Una vez más lo confirma la propia FIFA en su sitio web oficial. Sin embargo al ver la información el periodista que trabaja en la organización fue bien flojo pues sacó y transcribió la historia del wikipedia -qué vergüenza . Bueno, el asunto es que no existen dudas que el Cacique es el cuadro más ganador de Chile y único equipo chileno que ha ganado la Copa Libertadores, etc y mil etc.
Como no pienso colocar la historia del Albo -pensamiento FIFA- voy a dejar otro artículo mucho mejor que hace algún tiempo atrás realizó el periodista Enrique Ramírez Capello:
Colo Colo es éxtasis de sábado y domingo.

Delirio en el Estadio Monumental, en la zona en que viejos obreros picaban piedras. Y frente a los televisores, ventanilla abierta a la alegría en los barrios.
Botella descorchada en la cancha de tierra de la población Nueva Esperanza de Puente Alto, que sigue a El Papillón Chileno, su cacique. Y en el encanto de los pescadores de Iquique, Valparaíso, Talcahuano y Castro.
Esperanza en El Morro, en La Portada, en las iglesias serenenses, en los cerros porteños. Entre los huasos de Dohiñue, Curicó, Talca y Linares. Sonrisa para toda la semana en penquistas, temuquenses y valdivianos. Rayo de sol en el archipiélago de Chiloé, en Punta Arenas y en la Antártica.
Sinónimo de triunfo. El equipo de fútbol con más títulos en las competencias nacionales.
Y ahora, una nueva explosión de Colo Colo, fundado por los hermanos Arellano y que desde siempre nació como eterno campeón.
El equipo bautizado con el nombre de un viejo cacique que cantó Alonso de Ercilla, sabe mucho más de victorias que de derrotas.
Sufrido en esos años de quiebra, en que llegaron caballeros almidonados, empresarios con vocación de primera página y políticos ávidos de irrenunciable figuración, como un síndico y el directorio de una Sociedad Anónima.
La mayoría de ellos, por razones obvias, no interpretaron el fervor de la añosa lavandera de La Legua, del albañil de La Victoria, del payador de Pirque o del chofer de taxi de Conchalí.
Destrozaron los anhelos del pirquinero de Andacollo, del artesano de Monte Patria, del corralero de Rancagua y del tripulante de barcos mercantes.
“DE ARICA A MAGALLANES...”
Pero el fútbol está escrito en las ásperas minas del cobre o las extinguidas del carbón. En la húmeda soledad de las poblaciones periféricas. Pore eso, Colo Colo siguió siendo grande, siguió siendo pueblo.
En las poblaciones, primero se aprende a decir ´Colo Colo´. Después, ´mamá´.
En el hirviente estadio Monumental se grita que Colo Colo es Chile. Y claro que lo es, como lo es también la madre que ama y perdona, el albañil que se levanta de madrugada para asegurar la comida de sus siete hijos, el economista que estudia rumbos coherentes y honrados, el empresario justo, el profesor que no miente, el alumno que no copia, el periodista que no se torna lacayo por un sueldo miserable, el mecánico que no adultera piezas de automóviles.
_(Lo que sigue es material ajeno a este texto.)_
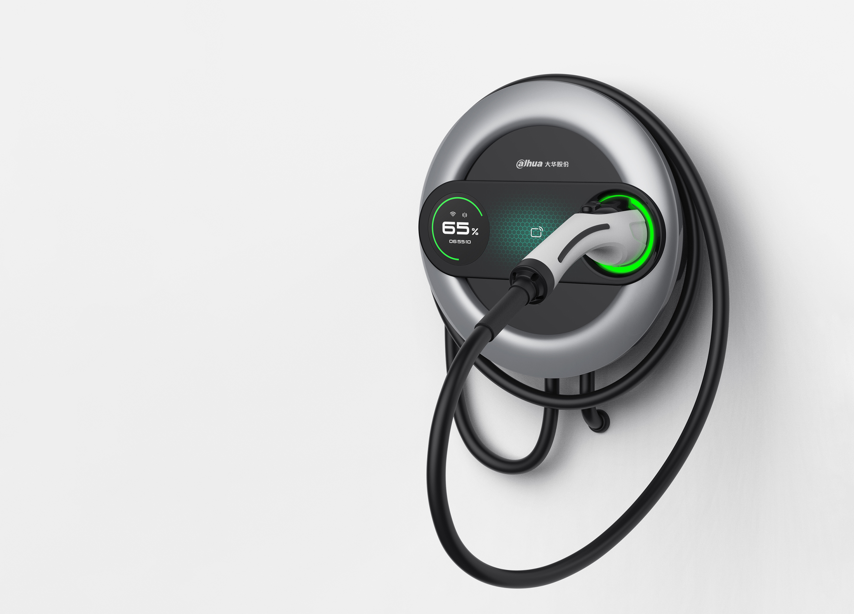 Hua Power is a comprehensive electric vehicle charging service system that can provide various services for third-party users' charging needs for new energy vehicles.。Hua Power supports multiple startup methods, including plug-and-charge, mobile app control, and Bluetooth remote control. It features automatic power cutoff protection when not charging or when the battery is fully charged. Additionally, it has a power outage memory function, meaning that if there is a power interruption during the charging process, it will automatically resume the original charging status when power is restored.。The circular shape of the casing allows the charging cable to be neatly wrapped without the need for an additional component for cable placement. The circular breathing light on the charging gun conveys the charging status and device operation status, making the charging process lively and more enjoyable.。Hua Power's circular outer shell can be customized with different colors and materials, while the charging plugs can be replaced with various specifications to meet the diverse needs of different regions, scenarios, and users. Moreover, its stylish and technological design seamlessly integrates into various environments, including homes, workplaces, and parking lots. The market value of Hua Power is immense.。Product safety is of utmost importance, and Hua Power incorporates various safety measures. It includes an emergency stop button that can cut off the power supply circuit in emergency situations to ensure charging safety. The product also provides multiple protections such as overcurrent, overvoltage, short circuit, leakage, overheating, and lightning protection to ensure safe usage.

Porque Colo Colo es grito chileno, semillero que crece en los barrios alejados del centro, pelota de trapo revestida con una media rota que le robamos a la mamá. Colo Colo es eso, y más que eso. Es esperanza de grandes, sueño de niños, ilusión que acaricia el niño pobre en su cama hecha de cartones antes de dormirse.
Cuando juega en la Copa Libertadores o gana un título como el de esta tarde, palpitan carniceros, pescadores y empleados. La bandera es entonces blanca, como la de los panaderos. Y en lugar de estrella, un indio.
Equipo carismático. Propio de la idiosincrasia chilena. Los niños sienten que es una escuela, algo desertora, pero escuela al fin y al cabo.
La multitud sigue con pleitesía a Colo Colo. En los gritos delirantes de la Garra Blanca, en la identificación algo irracional del pueblo con el equipo de fútbol.
Los jugadores que visten su casaquilla alba cautivan a los fanáticos. Son mitos, leyendas vivientes, portadas de diarios y revistas. Invitados a programas estelares de la televisión. En Santiago Sur, Curicó o Chiloé los niños harapientos no quieren ser médicos ni parlamentarios. Sueñan con vestir esa camiseta blanca, sueñan con ser campeones y dar una vuelta olímpica en el Monumental. Como la que hoy han dado Lucas Barrios, Arturo Sanhueza, el ´Tigre´ Muñoz y todos los que han bajado esta estrella número 28 para colgarla en el pendón victorioso del Cacique.